Umawiają się na rozmowy kwalifikacyjne, a te się nie odbywają. O co chodzi?
Osoby szukające pracy często robią to pilnie, maksymalizując liczbę wysyłanych aplikacji. Dostrzegli to cyberprzestępcy, którzy wykorzystują ich pośpiech do pozyskania danych w celach cybeprzestępczych. Ba, napastnicy umawiają się nawet na rozmowy kwalifikacyjne, do których jednak nigdy nie dochodzi.
Uwaga na fikcyjne agencje zatrudnienia
Niebezpiecznik.pl ostrzega przed działalnością fikcyjnych agencji zatrudnienia. Skupiono się na firmie o mało zachęcającej nazwie WeForce. Komunikacja z jej strony i witryna zachęcały do tego, by skorzystać z usług pośrednictwa, niemniej już pobieżna analiza wykazała, że działalność WeForce to jedno wielkie oszustwo .
Przeprowadzona analiza wykazała, że w rejestrach podmiotów gospodarczych WeForce nie istnieje. Ponadto na samej stronie nie są udostępnianie żadne szczegółowe dane , a jedynie kod pocztowy i miasto. Brakuje informacji o administratorze danych osobowych i innych danych, które pozwoliłyby na identyfikację przedsiębiorstwa. Z kolei zdjęcia przedstawiające rzekomych współpracowników były zdjęciami stockowymi, a także pochodziły z serwisów, nazwijmy to, randkowych.
Brak dokładnego adresu i wpisów do rejestrów
Firma uwiarygadnia się rzekomymi kampaniami rekrutacyjnymi realizowanymi dla dużych korporacji, jak choćby sieć McDonald’s, jednak nic nie potwierdza, że się one odbyły. Uwagę zwraca natomiast, że osoby, które skusiły się na skorzystanie z usług WeForce w pierwszej kolejności były proszone o pozostawienie danych oraz… utworzenie konta bankowego w jednym z banków .
Prośba ta była argumentowana koniecznością stworzenia osobnego rachunku na rozliczenie z firmą, która miała zatrudnić kandydatów. Założenie konta było obowiązkowe ze względu na charakter pracy – dzięki nim zarządzanie zwrotami kosztów i innych operacji miało być wygodniejsze i bardziej przejrzyste. Już to powinno wzbudzić zastrzeżenia, jednak należy pamiętać o kontekście – aplikującym zależy na pracy.
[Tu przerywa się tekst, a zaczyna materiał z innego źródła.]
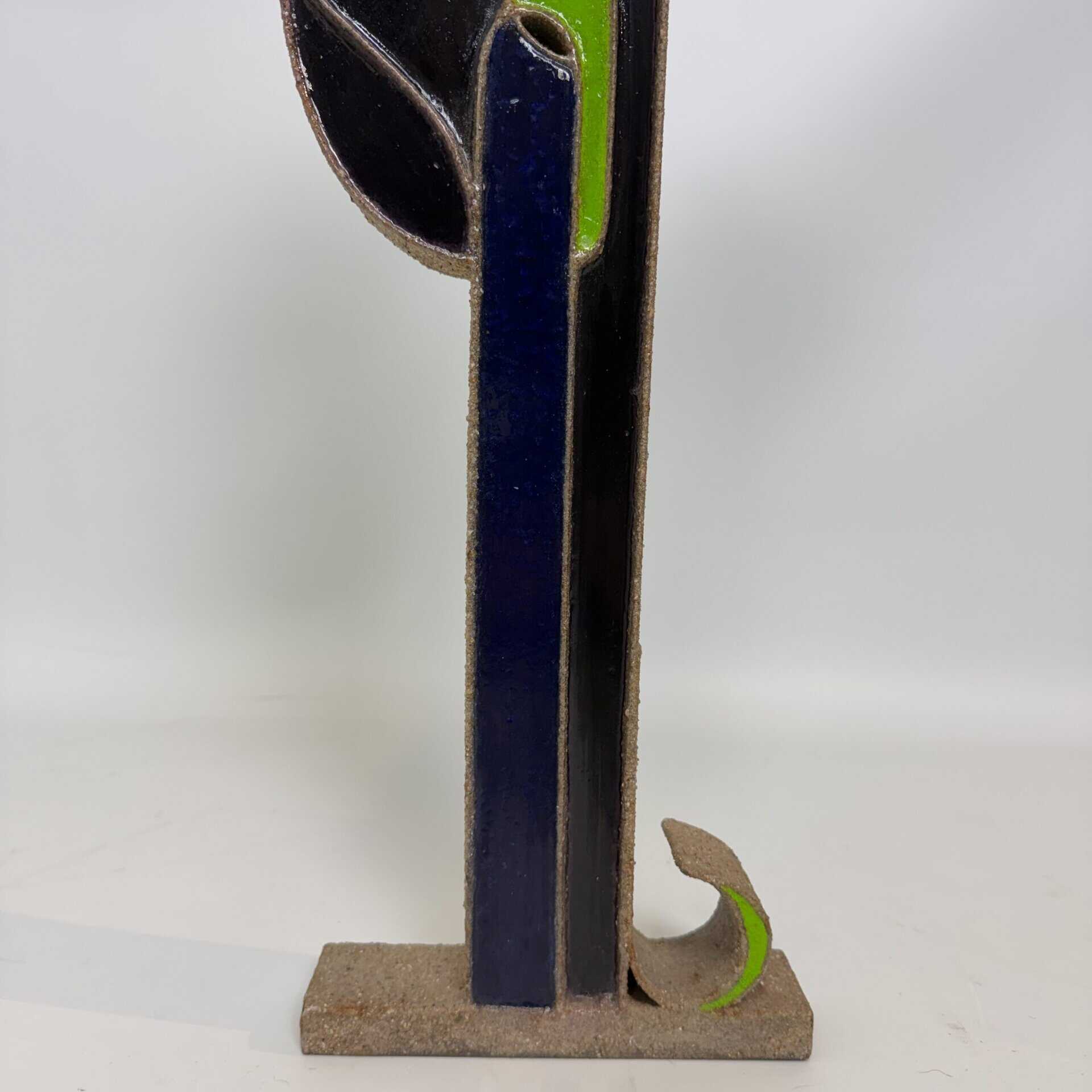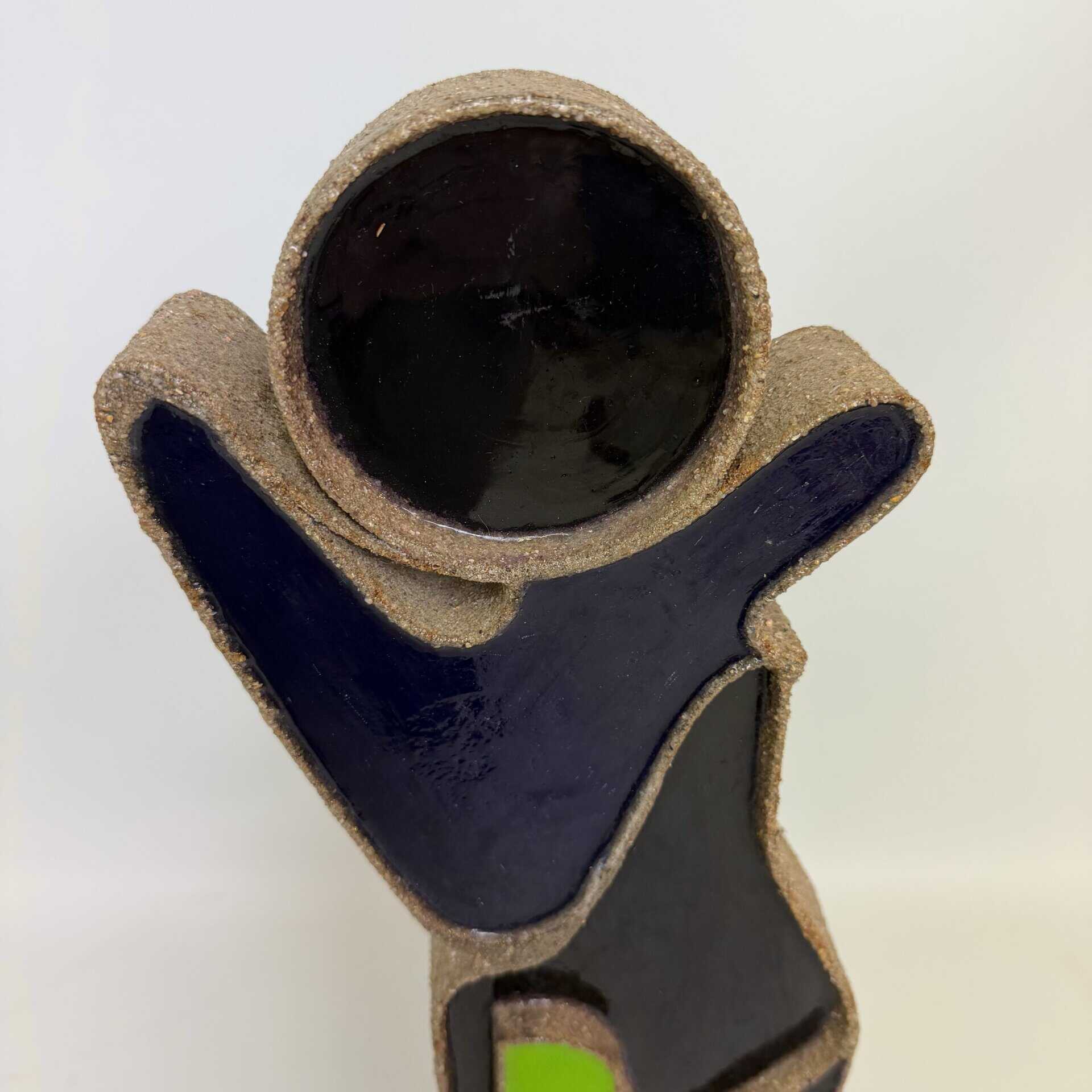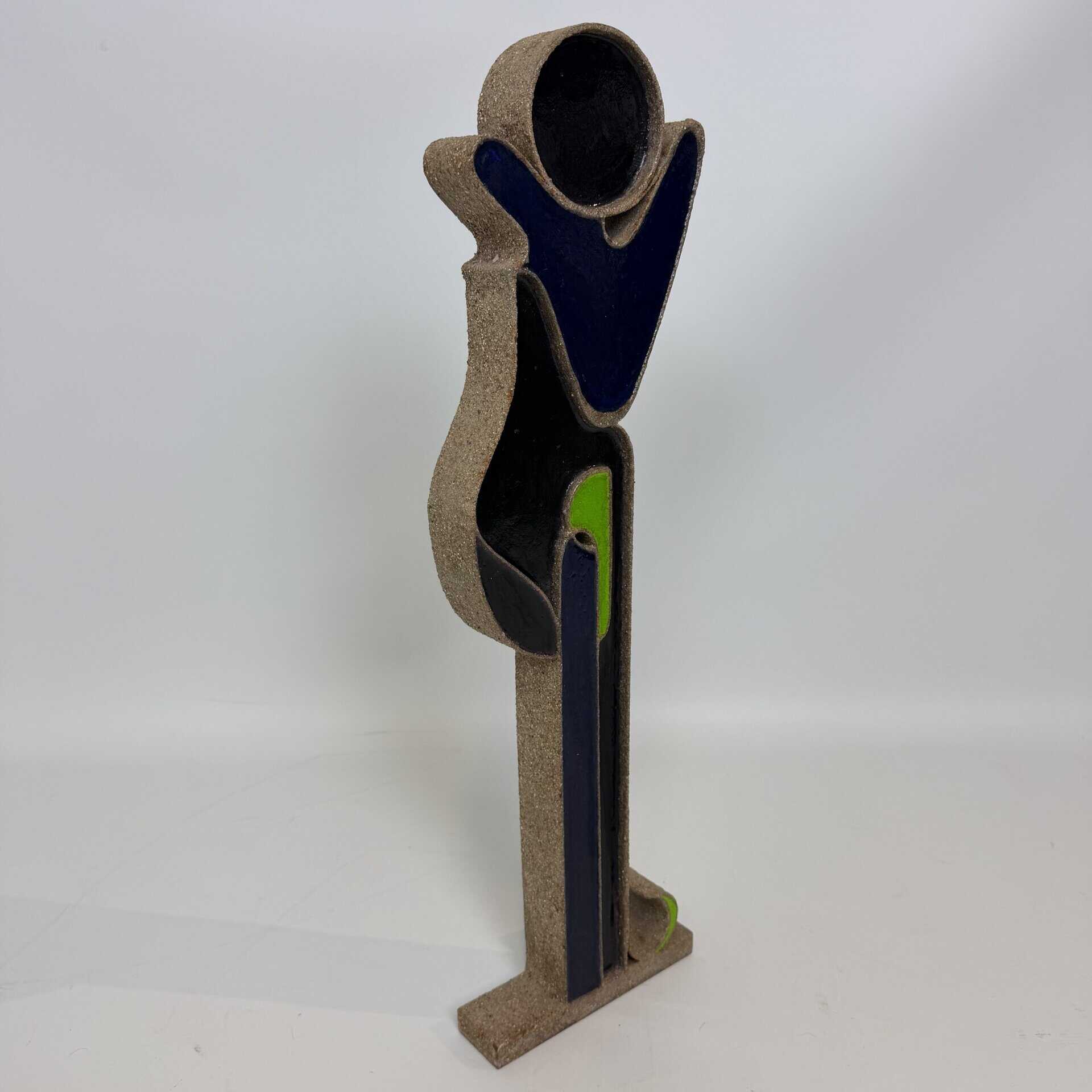 The sculpture is a figurative piece featuring bold, flowing lines. It appears to depict a standing figure, with a distinct circular head, raised arms, and a curved body

Oszuści zachęcają do zakładania kont bankowych
Nie jest jasne, do czego dokładnie miały służyć konta. Bardzo możliwe, że były one następnie wykorzystywane jako słupy i służyły działalności cyberprzestępczej pracowników fikcyjnej firmy WeForce. Dzięki słupom znacznie łatwiej jest prać pieniądze i korzystać z ukradzionych środków. Inny wariant, nieco bardziej optymistyczny, zakłada, że oszuści zarabiają na prowizjach, jakie banki oferują osobom, które zachęcają do otwarcia w nich kont. Nie sposób także pominąć kwestii przekazania WeForce danych osobowych, które także mogą zostać wykorzystane w niecnych celach.
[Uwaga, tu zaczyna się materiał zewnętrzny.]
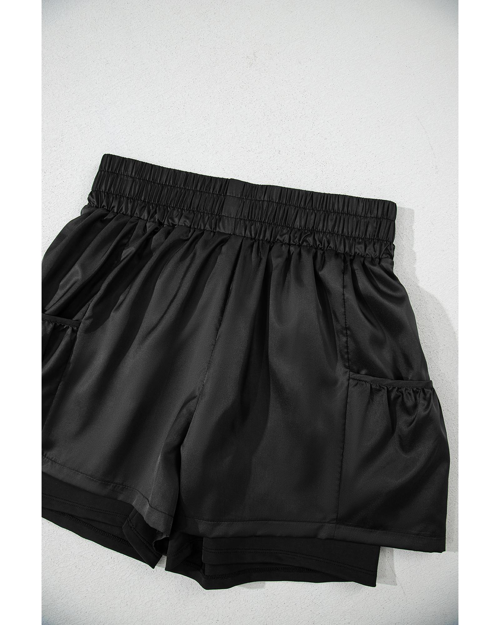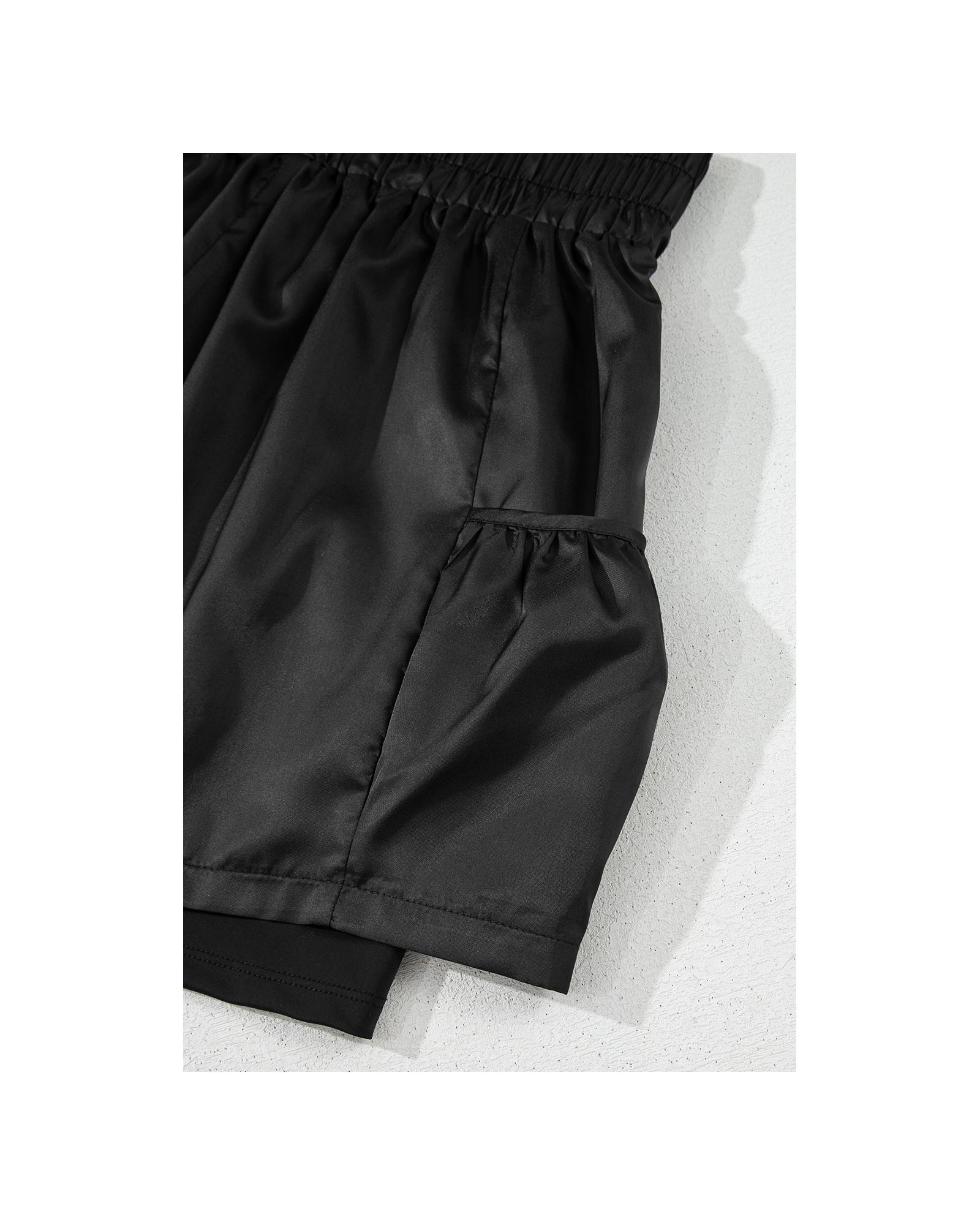 These black elastic high waist casual shorts are designed for comfort and practicality, featuring a versatile solid color and a flattering fit. They are suitable for everyday wear and easy to style with various outfits.

Witryna fikcyjnej agencji zniknęła z Sieci zaraz po tym, jak Niebezpiecznik skierował do firmy maila z prośbą o odpowiedzi na pytania. Nie ma jednak co liczyć, że to zamyka sprawę. Lada moment utworzona może zostać i z pewnością zostanie kolejna witryna i fałszywa agencja, a proceder będzie trwał w najlepsze.